2. a kind of global optimization K mean cluster method based on sample rate according to claim 1, which is characterized in that institute State actual density value F_i,cAccording to formulaIt calculates, whereind_ijFor W_iTo i-th J-th of sample point n in a submanifold_ijEuclidean distance, S_iIndicating the number of sample point in i-th of submanifold, j is j-th of sample point, c∈[1,c_max], c_maxFor preset peak excursion number, r=R × Ra；R is cluster centre in any submanifold from the submanifold of place The maximum distance of sample point.
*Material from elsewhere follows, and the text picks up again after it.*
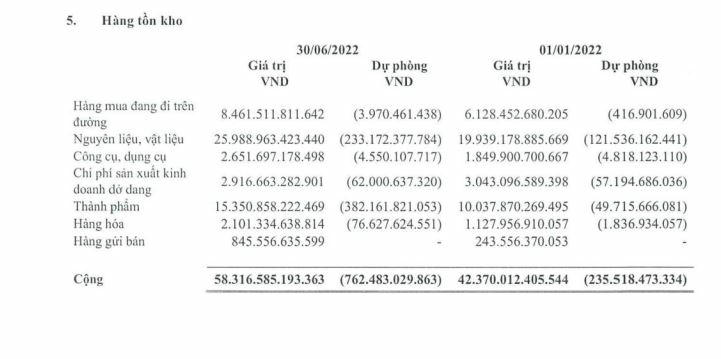 Tính đến 30/6/2022, hàng tồn kho của Hòa Phát cao nhất ngành, lên tới hơn 58.000 tỷ đồng, tăng 38% so với đầu năm. Tuy nhiên, giá bán thép giảm trong khi giá thành cao làm chi phí dự phòng giảm giá hàng tồn kho phải trích lập tính đến 30/6/2022 ở mức rất lớn là 762 tỷ đồng, trong khi hồi đầu năm chỉ hơn 235 tỷ đồng. Đây là một trong những nguyên nhân làm tăng giá vốn hàng bán và giảm biên lợi nhuận gộp của Hòa Phát từ 33% cùng kỳ xuống còn 18% trong quý 2/2022.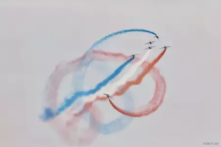 Les trois spectacles de voltige aérienne présentés au salon de Farnborough le 24 juillet 2010 : The Blades, The Red Devils, et enfin The Red Arrows. En bonus, un Extra 300 en solo.

3. a kind of global optimization K mean cluster system based on sample rate, which is characterized in that comprising with lower module:

Initialization module, for obtaining raw data set X, submanifold number K and scale parameter Ra comprising N number of sample point, wherein N Greater than 1；

Initial cluster center obtains module, for randomly selecting K sample point as initial clustering in the raw data set X Center is denoted as w_i, wherein i=1,2,3 ..., K；

Submanifold forms module, concentrates all sample points other than initial cluster center apart from each for calculating separately initial data A initial cluster center w_iDistance, and by the initial data concentrate initial cluster center other than all sample points be assigned to Away from nearest initial cluster center w_iForm K submanifold；

Wherein m is the maximum number of iterations of the number of iterations and is preset value, and t indicates current the number of iterations, 2 φ (3 σ × Ra value) can table look-up according to standard normal distribution function and obtain；

First judgment module, for by the mass center W of each submanifold_iAs new cluster centre, judged in each new cluster respectively It whether there is actual density value F in submanifold where the heart_i,cLess than pre-estimation density value F_i,tSample point, if it does not, jump Go to third judgment module；If it does, jumping to submanifold obtains module；

Submanifold obtains module, for obtaining actual density value F_i,cWith pre-estimation density value F_i,tThe maximum sample of absolute difference Submanifold where point；

Actual density value computing module, for obtaining several sample points at random in the submanifold that submanifold obtains that module obtains, and Calculate separately the actual density value F of several sample points_i,c；

Second judgment module, for judging in each and every one several sample points with the presence or absence of actual density value F_i,cGreater than pre-estimation Density value F_i,tSample point；If it is present jumping to third judgment module；Otherwise it jumps to new cluster centre and obtains mould Block；

New cluster centre obtains module, is used for actual density value F_i,cWith pre-estimation density value F_i,tAbsolute difference is maximum Then sample point executes third judgment module as new cluster centre；

Third judgment module, for judging cluster centre W_iWhether no longer change, jumps to output object module if meeting；It is no Then the number of iterations t is updated to t+1, using new cluster centre as new initial cluster center, jumps to submanifold and forms module；

Object module is exported, for exporting cluster result.

4. a kind of global optimization K mean cluster system based on sample rate according to claim 1, which is characterized in that institute State the actual density value F in pre-estimation density value and actual density value computing module_i,cAccording to formulaCome It calculates, whereind_ijFor W_iJ-th of sample point n into i-th of submanifold_ijEuclidean distance, S_iIndicate the The number of sample point in i submanifold, j are j-th of sample point, c ∈ [1, c_max], c_maxFor preset peak excursion number, r=R ×Ra；R is maximum distance of the cluster centre from sample point in the submanifold of place in any submanifold.